2nd, The apostle, having warned them against the scoffers, encourages the saints of God to expect their Lord's second coming.
1. He will surely come. But, beloved, be not ignorant of this one thing, that one day is with the Lord as a thousand years, and a thousand years as one day. Though we measure time by succession, the past, the present, and the future appear, to the eternal God, in one comprehensive view, and as nothing compared with his eternity. The Lord is not slack concerning his promise (as some men count slackness,) too impatient for his appearing, but is long-suffering to us-ward, not willing that any of the human race should perish, but that all should come to repentance, and be saved by grace through faith,—the only possible way of salvation. Note; (1.) The great design that God hath in view, is the salvation of all those who will yield to be saved by grace through faith. (Ephesians 2:8.) (2.) The way in which we can meet the Lord with comfort is, by being converted and turned to him now by faith: the impenitent and unbelieving must assuredly perish.
2. He will come suddenly. But the day of the Lord will come as a thief in the night, with such a terrible surprise to an ungodly world; in the which the heavens shall pass away with a great noise, when nature in convulsions shall utter her expiring groans, and the elements shall melt with fervent heat, dissolved amid the universal conflagration; the earth also, and the works that are therein, shall be burnt up, and not a wreck remain of all its glorious structures.
3. What influence ought such an expectation to have upon us? Seeing then that all these things shall be dissolved, what manner of persons ought ye to be in all holy conversation and godliness? How dead to the world, how loose to its enjoyments, how patient under the present momentary afflictions, how wholly engrossed with one great concern, to secure a happy part in that eternal world whither the faithful are going, looking for, and hasting unto the coming of the day of God, keeping it abidingly in view, and living in a constant preparation for that solemn hour, wherein the heavens being on fire shall be dissolved, and the elements shall melt with fervent heat? Note; It is the character of a disciple of Jesus, that he is ever looking for his Lord's return, as the glorious hope which animates him for every duty, and supports him under all his trials.
3rdly, We have,
1. The Christian's expectations when this heaven and earth shall be dissolved. Nevertheless, we, according to his promise, look for new heavens and a new earth, wherein dwelleth righteousness, even that blessed abode which the infinite love of God hath prepared for the faithful; where nothing shall ever enter which defileth, and where their bliss and glory will be eternal.
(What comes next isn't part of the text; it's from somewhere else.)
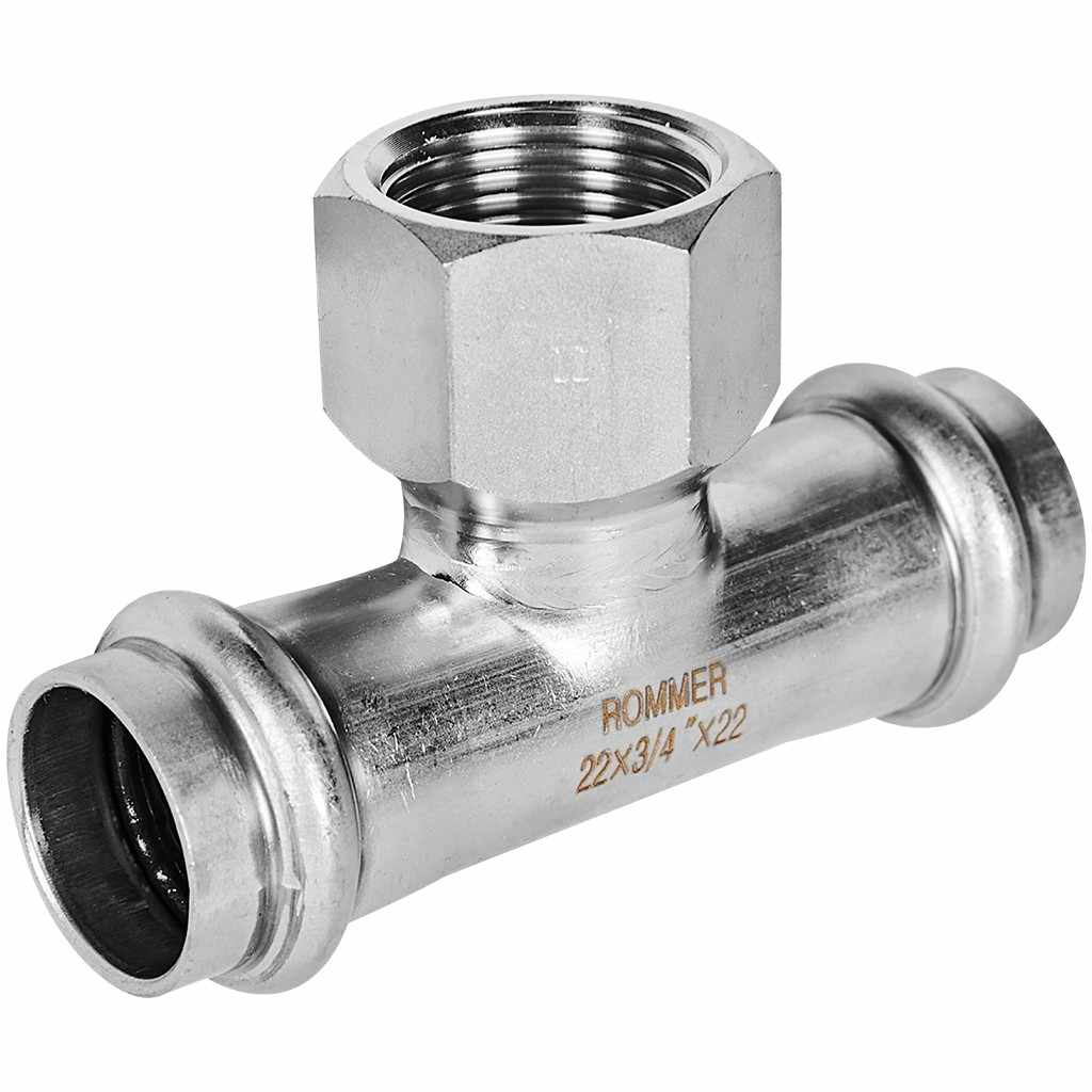 Тройник-Переходник ROMMER ВПр-ВР, 22х3/4, из нержавеющей стали прессовой, RSS-1015-002234

2. He exhorts them, in the prospect of such an inheritance,
(1.) To be faithful in their holy profession. Wherefore, beloved, seeing that ye look for such things, be diligent in the use of every appointed means of grace, and in all holy watchfulness, that ye may be found of him in peace, possessing a sure interest in his love, without spot of sin, and blameless in his presence, through the Blood of the covenant and the efficacious influences of the Spirit of God.
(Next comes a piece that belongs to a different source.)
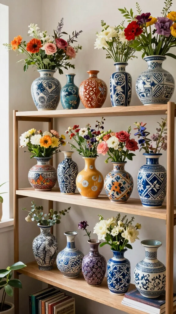 Incorporating patterned vases can add visual excitement to your space.

(2.) Patiently to persevere, though the time should be distant. And account, that the long-suffering of our Lord is salvation, and that the reason of his delay is, that nothing may be left undone, that is consistent with all his moral perfections and with the moral agency of man, for the salvation of mankind: even as our beloved brother Paul also, according to the wisdom given unto him, hath written unto you; as also in all his epistles, speaking in them of these things, of God's long-suffering, and the coming of the Lord to judgment; in which doctrines are some things hard to be understood, being of a sublime and spiritual nature, which they that are unlearned and unstable, who are not divinely taught of God, and whose principles are fluctuating and unsettled, wrest and distort from their true meaning, as they do also the other scriptures, unto their own destruction. Note; The more dangerous it is to be ignorant in the scriptures, the more diligently should we search them, and pray God to enlighten our minds that we may be made wise unto salvation.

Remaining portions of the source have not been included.